*** Supplied material ***

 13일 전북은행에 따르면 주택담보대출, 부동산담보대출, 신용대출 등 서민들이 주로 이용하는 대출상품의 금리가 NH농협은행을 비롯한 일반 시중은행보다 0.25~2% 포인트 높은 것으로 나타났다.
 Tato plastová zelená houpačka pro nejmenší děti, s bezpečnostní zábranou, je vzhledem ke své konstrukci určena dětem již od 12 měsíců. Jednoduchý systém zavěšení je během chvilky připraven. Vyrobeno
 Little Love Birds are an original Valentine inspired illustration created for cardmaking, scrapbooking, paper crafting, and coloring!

***
*** Supplied material ***

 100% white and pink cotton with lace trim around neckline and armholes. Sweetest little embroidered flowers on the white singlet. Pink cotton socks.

***

[What to produce]
In the listing above, locate the line with "Tato plastová zelená" and the line with "Little Love Birds", then extract exactly those lines and every line between them, and nothing more.

[Expected output]
 Tato plastová zelená houpačka pro nejmenší děti, s bezpečnostní zábranou, je vzhledem ke své konstrukci určena dětem již od 12 měsíců. Jednoduchý systém zavěšení je během chvilky připraven. Vyrobeno
 Little Love Birds are an original Valentine inspired illustration created for cardmaking, scrapbooking, paper crafting, and coloring!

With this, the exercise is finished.